ГЛАВА СЕМНАДЦАТАЯ
Счастье ли это было, несчастье ли? Одному Господу Богу известно, но я заметил, что меня трясет, и я весь покрыт липким потом.
— Да, да, иду! Открываю! Секундочку! — чересчур громко крикнул я вниз, со всей силы моих легких, словно боялся, что посетитель вот-вот исчезнет. В то же время звук собственного голоса показался мне чересчур разреженным: казалось, он тает на ветру и делается неслышным.

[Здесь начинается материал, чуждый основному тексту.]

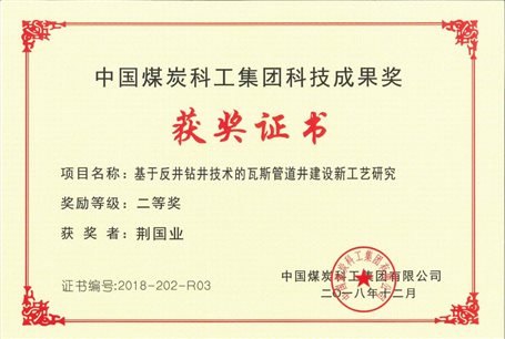 4.2018年“基于反井钻井法的瓦斯管道井建设新工艺研究”获中国煤炭科工集团科技成果二等奖
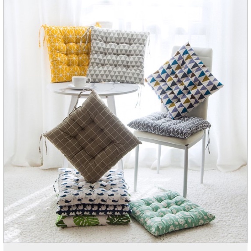 Kiểu dáng: thiết kế hình vuông có dây cột ghế năng độngChất liệu: lớp bọc nệm được may bằng vải polyester, chống thấm nước, ngăn bụi, không đổ lông.
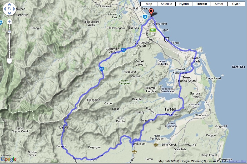 Up early on Sunday morning, loaded up my car, picked up Jer and his bike, and we were on our way. After just over an hour on the motorway we had reached the starting point of the day's ride - Currumbin on the Gold Coast. We parked down near the local surfing spot and proceeded to get ready to ride.
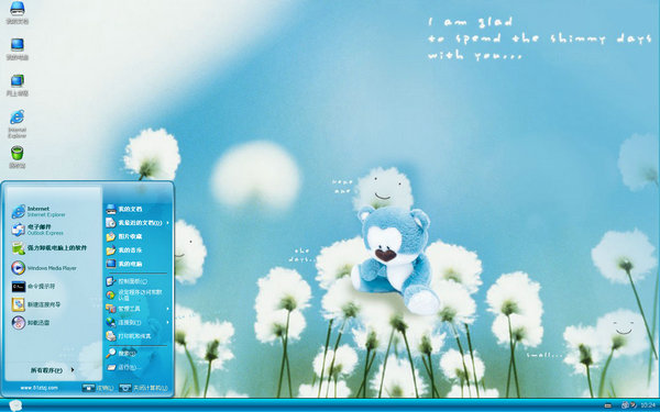醉在春风里主题梦幻的蓝色桌面壁纸中,一束束白色小花在煦暖的阳光下显得格外漂亮,那微微拂动的风让人有一种昏昏欲醉的感觉,实在是惬意。
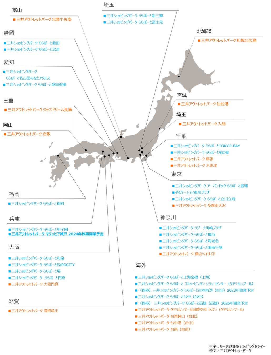<添付資料③> 三井不動産のリージョナル型ショッピングセンター・アウトレットモール(2023年8月時点)
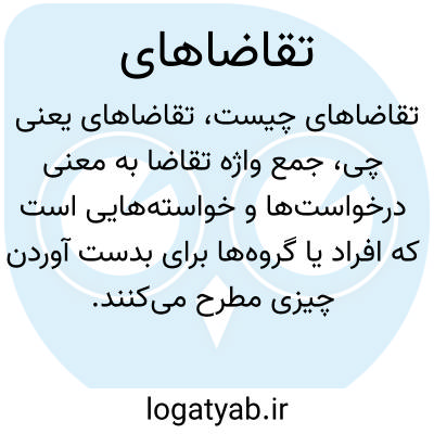 جمع واژه تقاضا به معنی درخواست‌ها و خواسته‌هایی است که افراد یا گروه‌ها برای بدست آوردن چیزی مطرح می‌کنند.
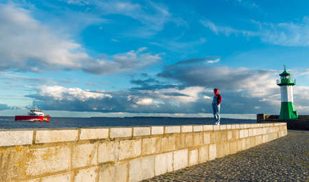 Beautiful landscape on the Rugen island in the Baltic Sea on the pier with a lighthouse and sailing ship in the background. Young redhead woman walking the pier and looking at the horizon
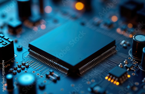 Close-up view of computer microchip. Tech components on system board highlighted. Complex circuits visible on motherboard. Advanced tech detail. Modern processing. High-tech component. Digital
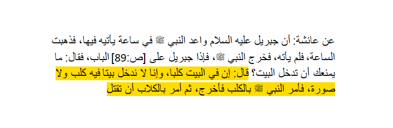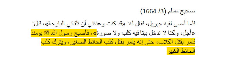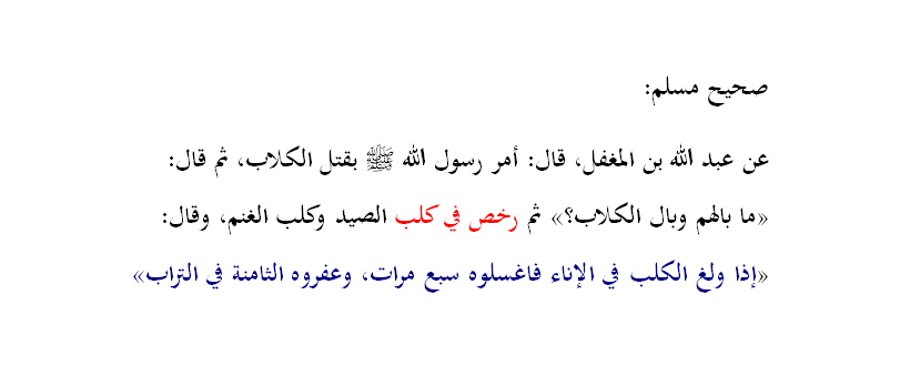 ( من اقتنى كلباً إلا كلبا صائدا أو كلب ماشية نقص من عمله قيراط، وقيراط مثل أحد ).
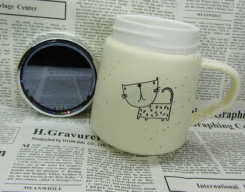 Чашка керамическая с крышкой " Кошка" , цвет молочый , вместительность 450 млл ( размер 13х 8 х7 см) Крышка-зеркало .

Как перед человеком, который, если верить рассказам, в момент смертельной опасности за сотую долю секунды проживает, «как в кино», всю свою жизнь, — так и передо мной меньше чем за мгновение промелькнули все те горести, унижения, постыдные неудачи и катастрофические недоразумения, сделавшиеся частью моей жизни, а некий хриплый голос во мне — и в то же время, казалось, издалека — нашептывал: «Все… все напрасно…»
Тем не менее в следующий миг я уже действовал: закрыл окно, выскочил на лестничную площадку и потянул шнур входной двери с такой силой, что выдернул из штукатурки колечко, которым он крепился к стене. «Наверх, последний этаж!» — гаркнул я в лестничный пролет, но опять у меня появилось чувство, что голос мой едва ли достигал площадки нижнего этажа.

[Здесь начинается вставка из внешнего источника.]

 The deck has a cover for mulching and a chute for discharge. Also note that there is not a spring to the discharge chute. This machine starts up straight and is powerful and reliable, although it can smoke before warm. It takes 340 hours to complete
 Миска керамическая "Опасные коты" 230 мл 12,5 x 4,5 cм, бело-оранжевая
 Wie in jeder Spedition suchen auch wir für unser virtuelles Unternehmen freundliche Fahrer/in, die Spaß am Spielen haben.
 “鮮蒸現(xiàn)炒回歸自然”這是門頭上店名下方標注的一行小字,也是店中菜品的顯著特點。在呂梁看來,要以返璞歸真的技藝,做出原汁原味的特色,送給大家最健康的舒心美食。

Задыхаясь, я метался вверх-вниз по лестнице, словно обдумывал план побега. Господи, ну чего мне бояться? Мальчик же не для того явился, чтобы мне напакостить? Нет, наверно, нет… Но что я стану делать, когда он поднимется? С порога брошусь ему на шею и зарыдаю? Нет, нет, Господь помилуй: спокойствие.
Шаги поднимающегося наверх были быстры и звучали легко и пружинисто. И еще мне показалось, что посетитель преодолел первый пролет парой гигантских скачков.

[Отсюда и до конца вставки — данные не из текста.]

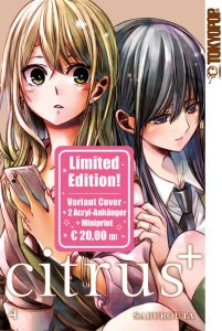 Am 14. September 2022 kommt der vierte Band von »Citrus +« in den deutschen Handel. Neben einer regulären Ausgabe für 8,99 Euro, wird es zudem eine Limited Edition für 20,00 Euro geben. Als Extra dürfen sich die Käufer der limitierten Ausgabe auf ein Variant Cover, einem hübschen Print und zwei Schlüsselanhängern im Chibi-Style freuen. Der regulären Ausgabe wird lediglich das Miniprint beiliegen.
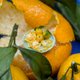 This tutorial includes the creation a whole mandarin and a half mandarin and a cane for slices, but does not cover the making of a ceramic plate.
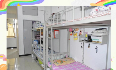学校的宿舍条件是非常好的,依然是上下床,但是每个人都有独立的衣柜和书桌,非常的方便,而且宿舍非常的宽敞,空调淋雨暖气都为学生提供,还不限制水电,是不是应该给学校一个赞。
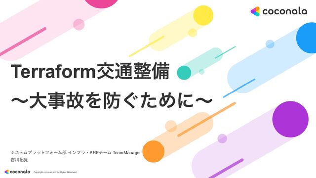 Copyright coconala Inc. All Rights Reserved. Terraformަ௨උ ʙେࣄނΛ͙ͨΊʹʙ γεςϜϓϥοτϑΥʔϜ෦ ΠϯϑϥɾSREνʔϜ
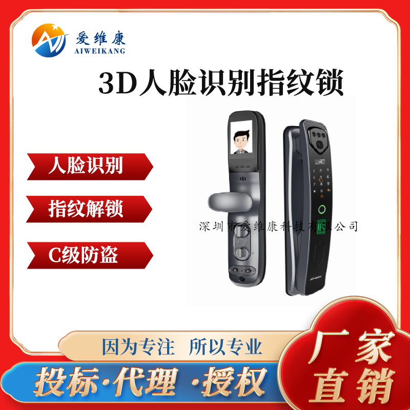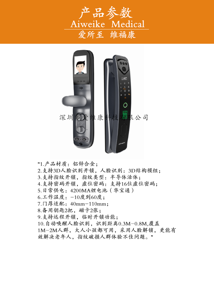 "愛維康指紋開鎖指紋類型:半導(dǎo)體活體 3D人臉識別指紋鎖"
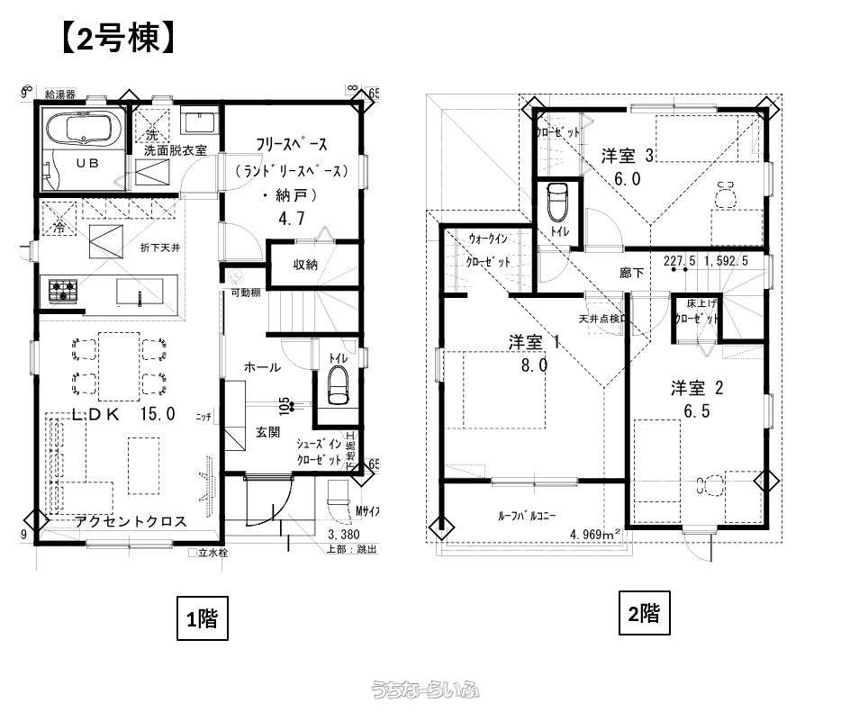 | 間取り | 3LDK ( 洋6 洋6.5 洋8 LDK15 ※床下収納、全居室収納完備、ルーフバルコニー、折下天井、アクセントクロス、シューズインクローゼット、WIC) | ||
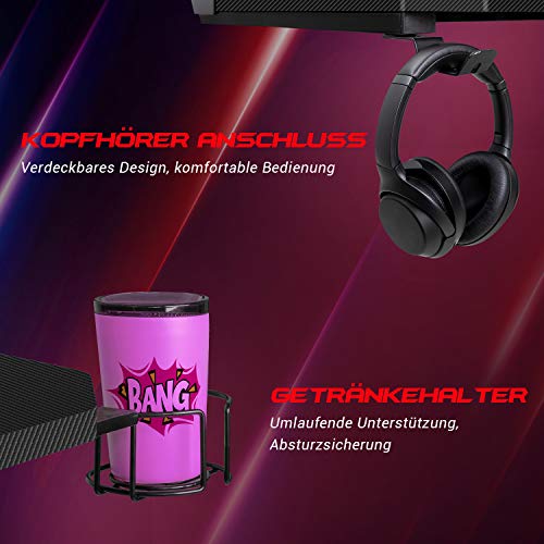 Homall Scrivania Per Gaming, Da Gioco, Scrivania Per Computer, Ergonomico, In PC, 110 cm, Con Controller, Supporto Per Bicchieri, Gancio Per Cuffi (Nero)

На что я сейчас похож? На стене в коридоре висело пыльное зеркальце для бритья. Некоторые зеркала бывают беспощадными, разочаровывающими, издевательскими, другие — необъяснимым образом великодушны. Зеркальце в коридоре, — возможно, благодаря темно-зеленой и темно-коричневой краске, которой была выкрашена лестничная площадка, и мутному верхнему свету под потолком, — было великодушным. Мое лицо, осунувшееся от усталости и напряжения, вполне меня устроило, — даже неумытое и покрытое липким потом, поскольку свежего на мне не было ничего: я был нечист и неприкасаем, ибо, впавши в уныние, не позаботился как следует помыться — ни у Отто ван Д., обладавшего современно оборудованной ванной, ни вернувшись домой; только наскоро ополоснул свою мужескую принадлежность под краном в кладовке, с мылом и валявшимся там же, в раковине, Бог знает чем вонявшим куском видавшей виды Христовой плащаницы.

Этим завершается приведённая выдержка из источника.